The task
Your copy should begin with the line containing "日前,英雄联盟手游官推发布最", end with the line containing "Figure 3. Diagnostic", match the listing below exactly, and contain no pictures.

::::::::::

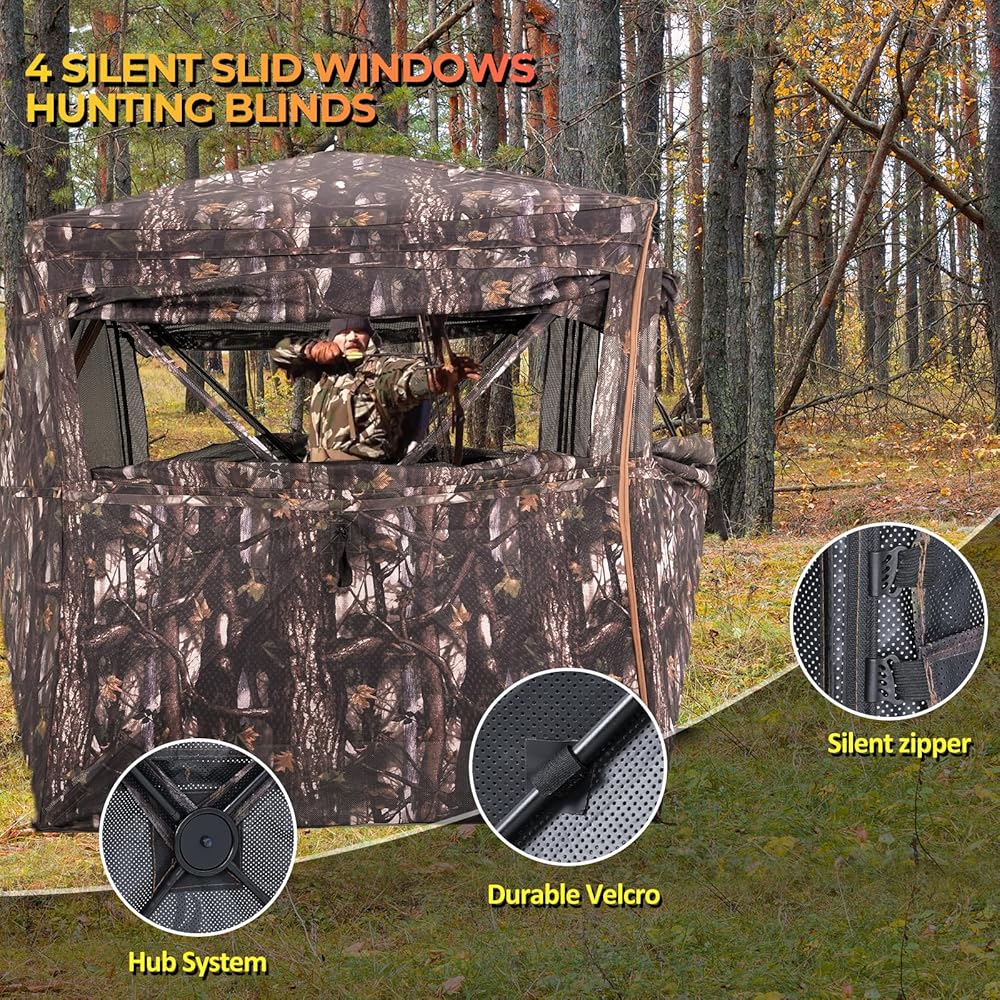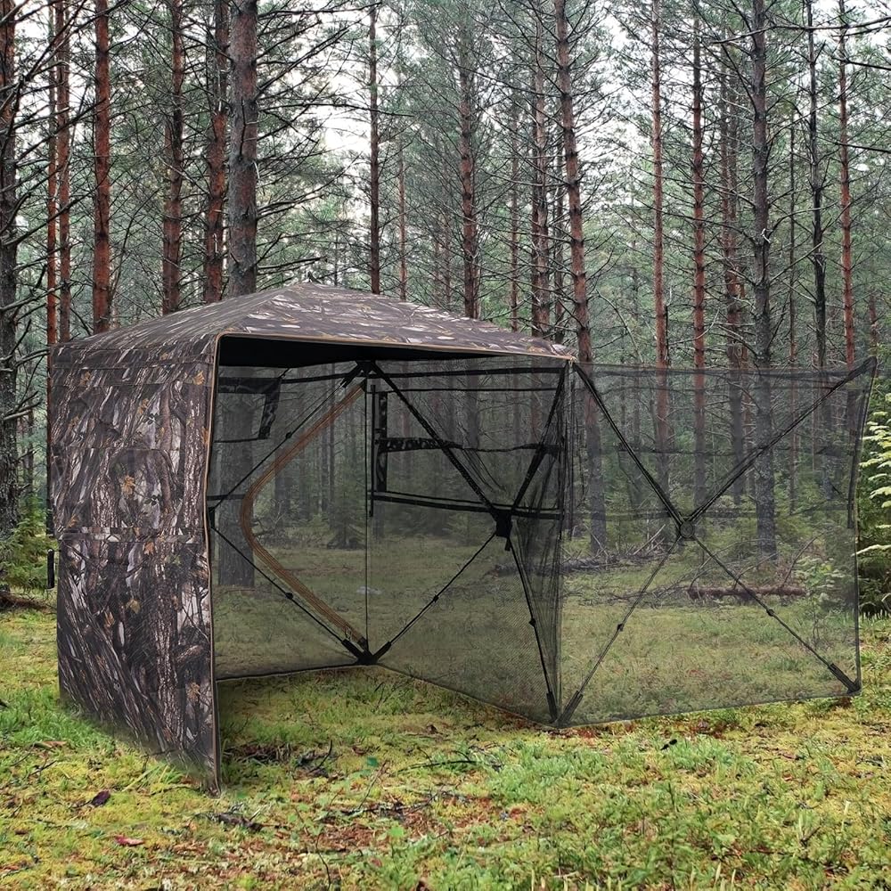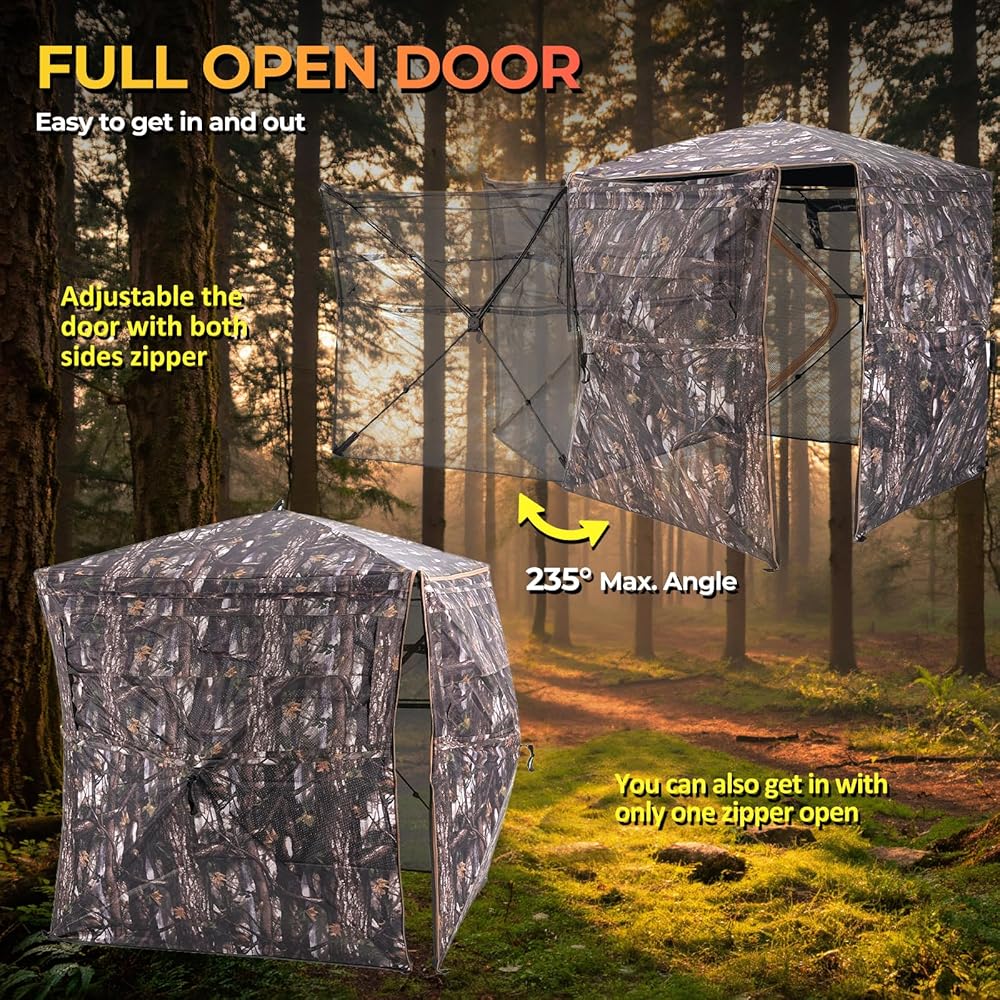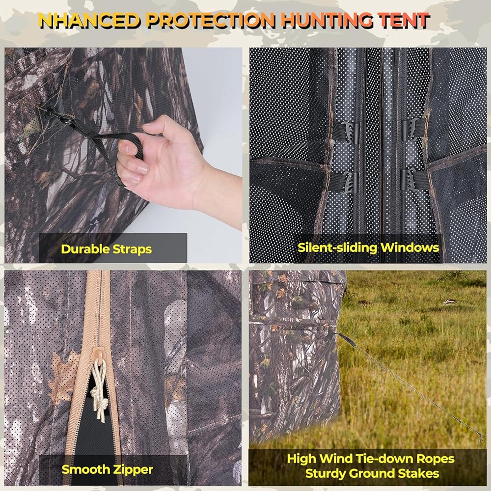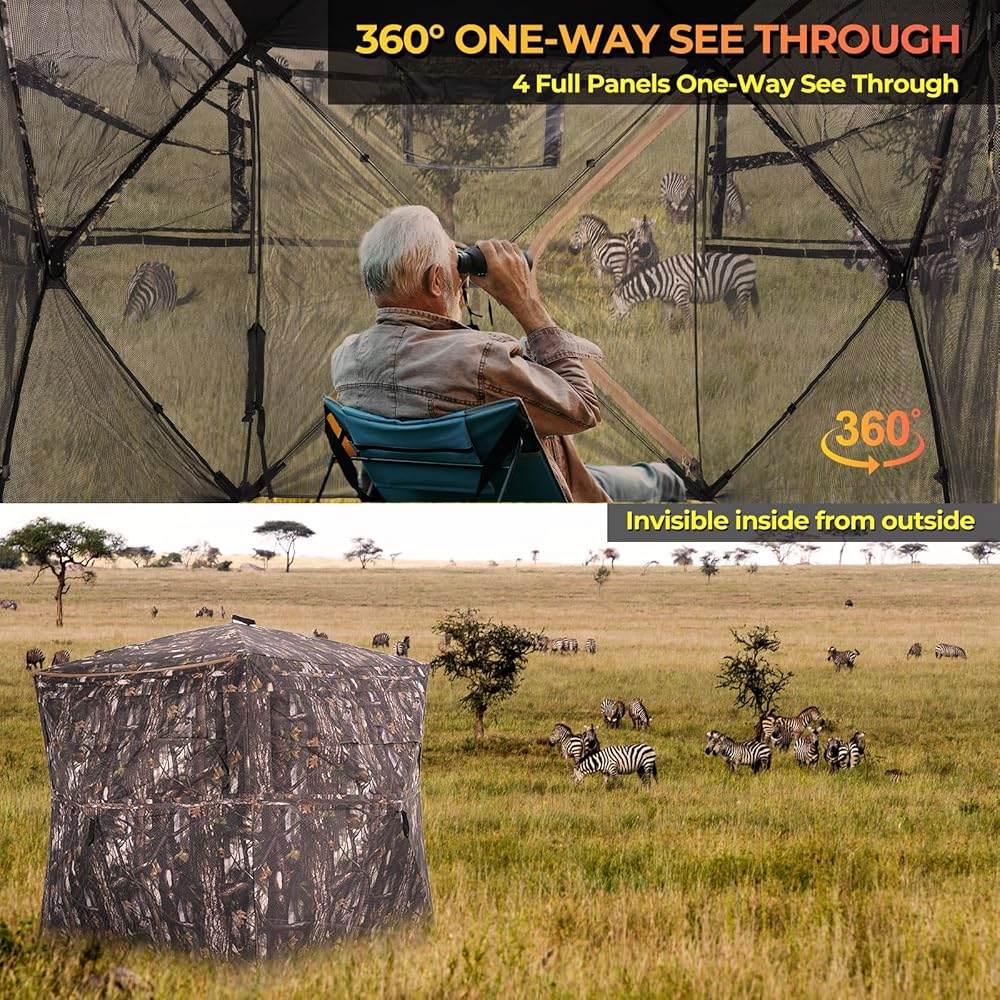 【Unique Stealth Design】: This hunting shelter uses fabric perforation technology to achieve 360° one-way perspective while maintaining excellent concealment and providing hunters with a great view. The transparent material is made of noiseless fabric and equipped with silent sliding windows to help you go undetected during hunting.
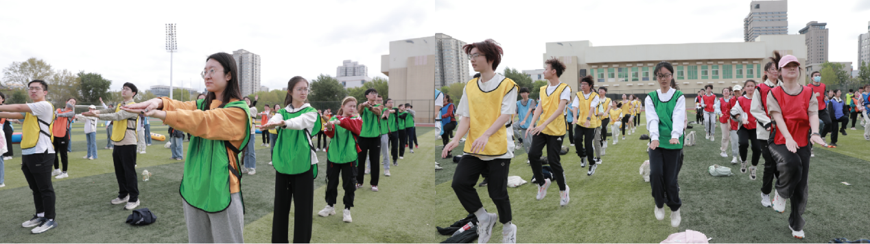 比赛开始前,素拓师带领全体参赛师生一起开展热身运动,为接下来的比赛项目做好充分准备。
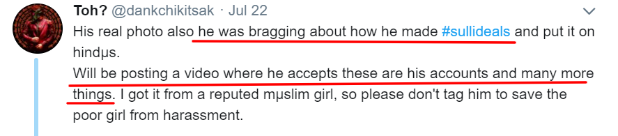 On July 22, he tweeted that Zaved Alam was “bragging” about how he made “Sulli Deals”. @dankchikitsak also wrote that he will post a video where Zaved accepts he was behind the pornographic Twitter accounts and “many more things”.
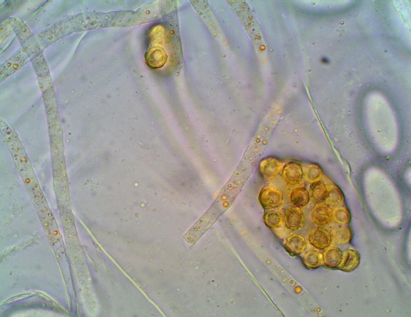 Bei der Begutachtung eines Kuddelascos entdeckte ich Sporen, die einen Bauchpilz ähneln, wieder mal nicht richtig alles gesäubert, war mein erster Gedanke. Doch dann das hier: die scheinen ja in einem Schlauch zu stecken? Weiß jemand Raz? LG Hartmut
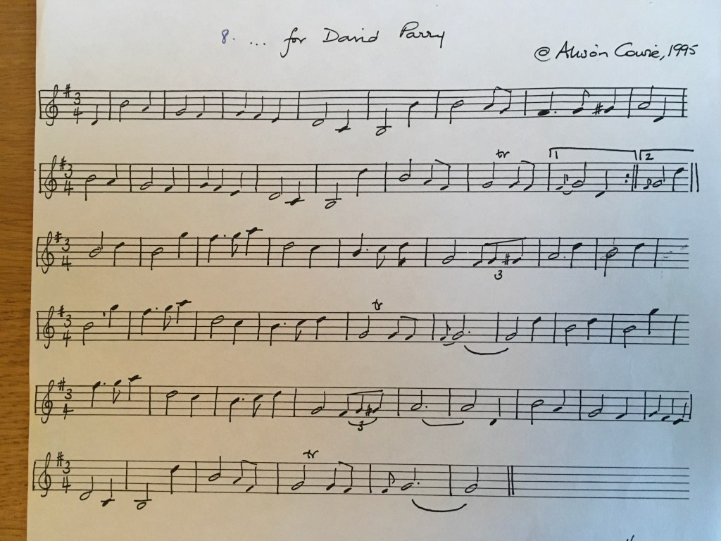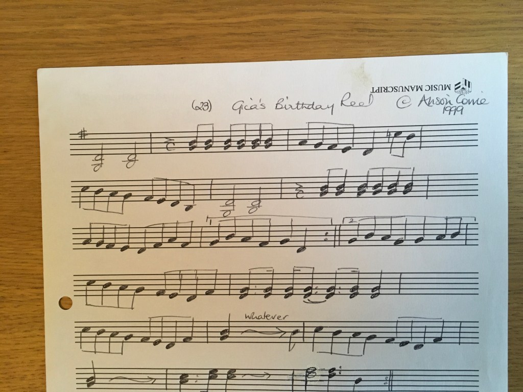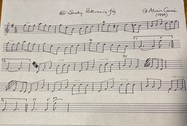- Sandy Paterson’s jig – another tune I failed to write down! One of my fiddle students. Actually…..Alison did write this tune down…We now have it…courtesy of Sandy Paterson of course!
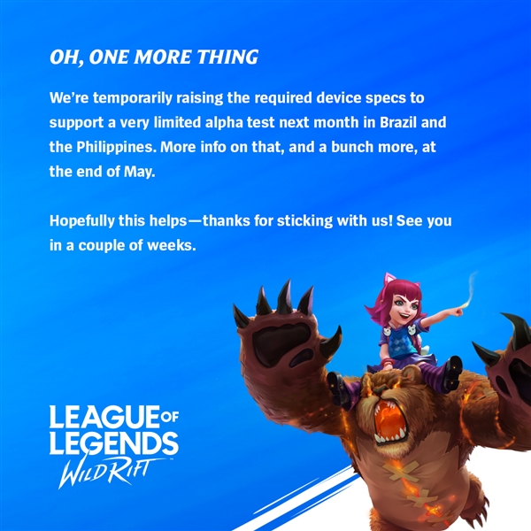 日前,英雄联盟手游官推发布最新消息,将于下个月在巴西及菲律宾开启极小规模技术测试。
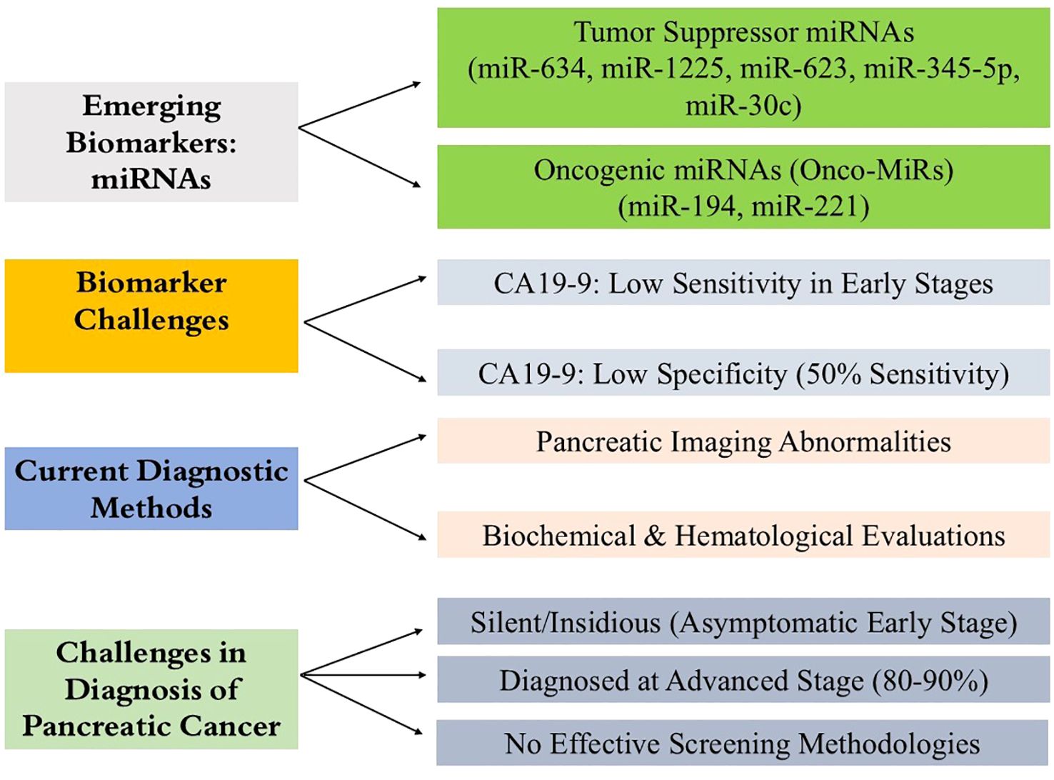 Figure 3. Diagnostic challenges in pancreatic cancer and the promise of miRNA biomarkers. The figure summarizes key barriers to early pancreatic cancer detection, including its asymptomatic progression and the limited sensitivity and specificity of current tools like CA19-9 and CEA. It also highlights the emerging potential of exosomal miRNAs as stable, noninvasive biomarkers with improved diagnostic accuracy for early-stage disease.
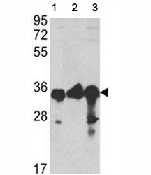 A portion of amino acids 62-91 from the human protein was used as the immunogen for this anti-GAPDH antibody.
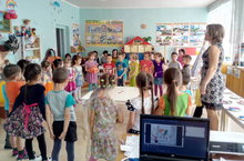 Бүген беренче кечкенәләр төркемендә Зиатдинова Ильгиза Ильгизовна ачык шөгель күрсәтте. Балалар бик кызыксынып катнаштылар./ Сегодня в первой младшей группе Зиатдинова Ильгиза Ильгизовна провела открытое занятие с детьми.

::::::::::

Answer to this problem
 日前,英雄联盟手游官推发布最新消息,将于下个月在巴西及菲律宾开启极小规模技术测试。
 Figure 3. Diagnostic challenges in pancreatic cancer and the promise of miRNA biomarkers. The figure summarizes key barriers to early pancreatic cancer detection, including its asymptomatic progression and the limited sensitivity and specificity of current tools like CA19-9 and CEA. It also highlights the emerging potential of exosomal miRNAs as stable, noninvasive biomarkers with improved diagnostic accuracy for early-stage disease.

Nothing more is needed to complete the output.